[Collected data entries]
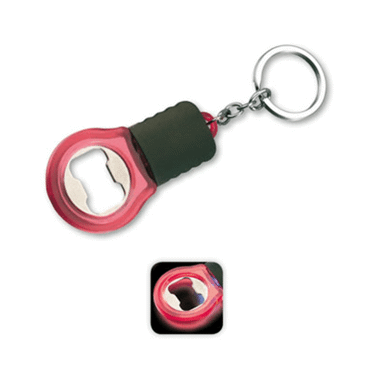 Ouvre-bouteille/porte-clés avec LED et avec anneau transparent rouge matériau: inox/ABS pile: 3 piles LR41 emballage: emballage individuel
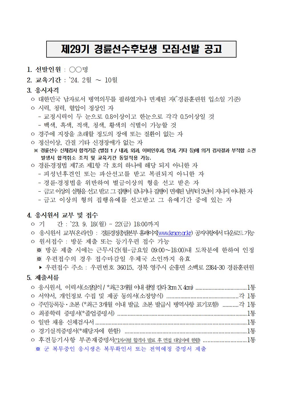 | 제29기 경륜선수후보생 모집 선발 공고문 | |
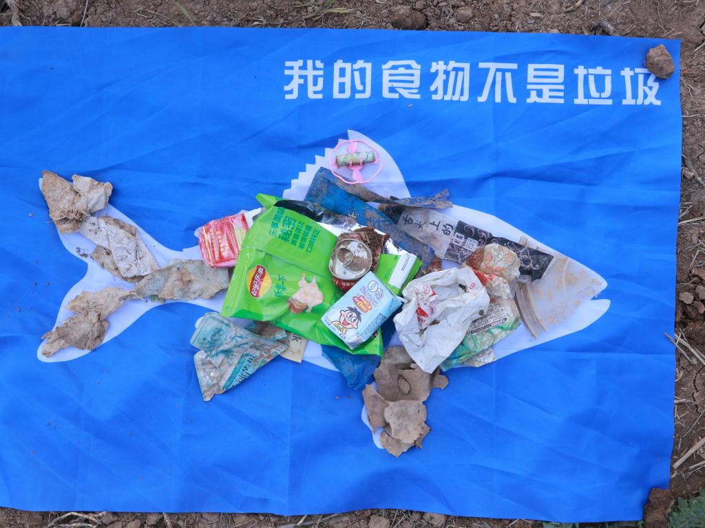 活动伊始,志愿者们手持垃圾袋,沿岸进行地毯式清理。白色垃圾、废弃纸板、细小烟蒂被逐一拾起,志愿者们将收集的“垃圾图鉴”拼贴在一幅巨型画布上,堆砌成鲸鱼身躯,“我的食物不是垃圾”的醒目标语直观展现环保工作的紧迫性。
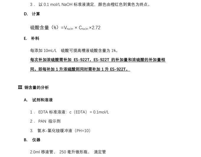 2.手动添加可按照药水分析结果补加浓硫酸、JFR-922T和双氧水。
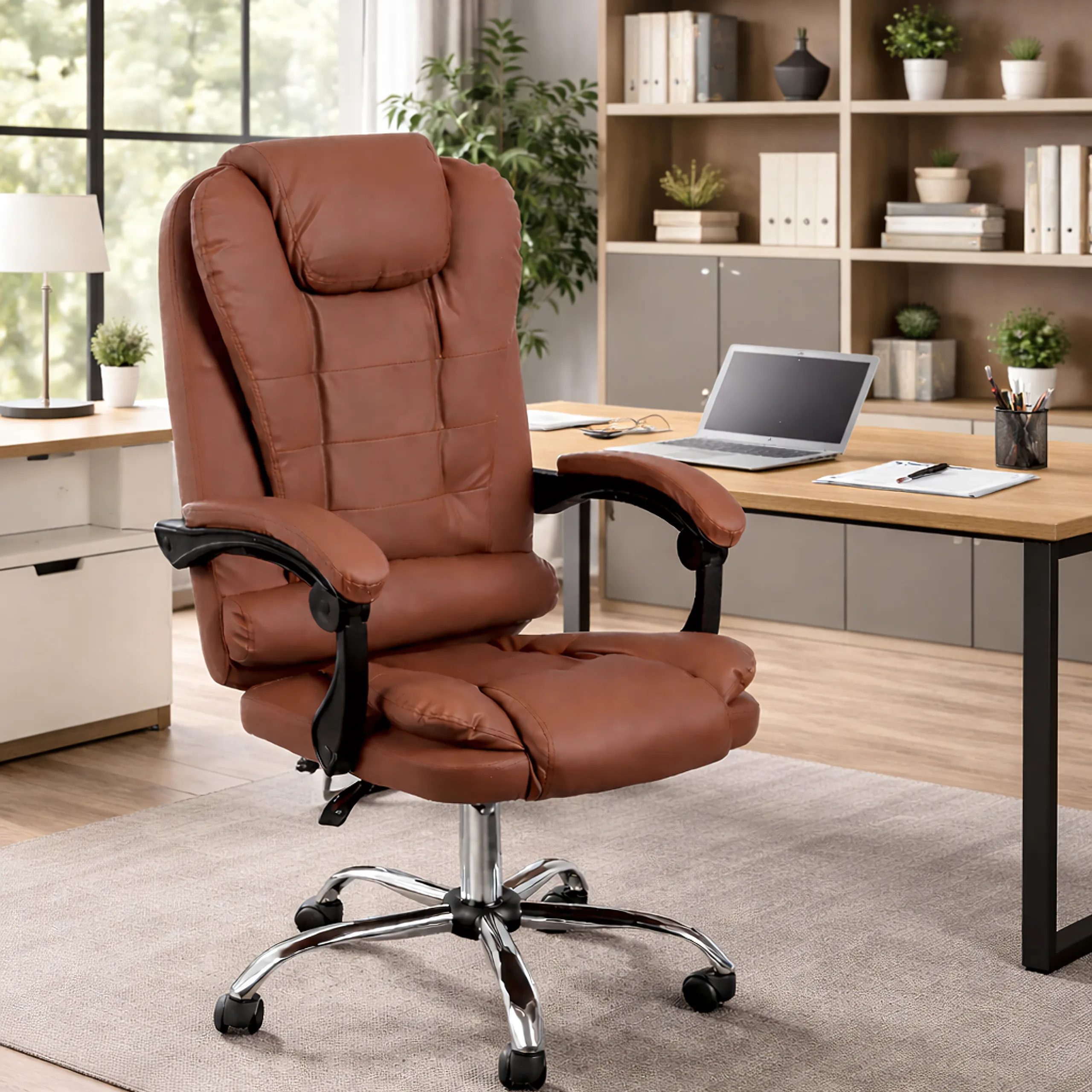 Stylowy, ergonomiczny fotel biurowy wykonany z wysokiej jakości skóry ekologicznej to doskonały wybór dla osób, które spędzają wiele godzin przy biurku. Zaprojektowany z myślą o komforcie, zdrowej postawie i eleganckim wyglądzie, świetnie sprawdzi się zarówno w biurze, jak i w domowym gabinecie.

▸ What to do
Output, exactly and without pictures, the lines above that run from the one containing "모집 선발 공고문 | |" through the last line of the entries, inclusive.

▸ Answer to this task
 | 제29기 경륜선수후보생 모집 선발 공고문 | |
 活动伊始,志愿者们手持垃圾袋,沿岸进行地毯式清理。白色垃圾、废弃纸板、细小烟蒂被逐一拾起,志愿者们将收集的“垃圾图鉴”拼贴在一幅巨型画布上,堆砌成鲸鱼身躯,“我的食物不是垃圾”的醒目标语直观展现环保工作的紧迫性。
 2.手动添加可按照药水分析结果补加浓硫酸、JFR-922T和双氧水。
 Stylowy, ergonomiczny fotel biurowy wykonany z wysokiej jakości skóry ekologicznej to doskonały wybór dla osób, które spędzają wiele godzin przy biurku. Zaprojektowany z myślą o komforcie, zdrowej postawie i eleganckim wyglądzie, świetnie sprawdzi się zarówno w biurze, jak i w domowym gabinecie.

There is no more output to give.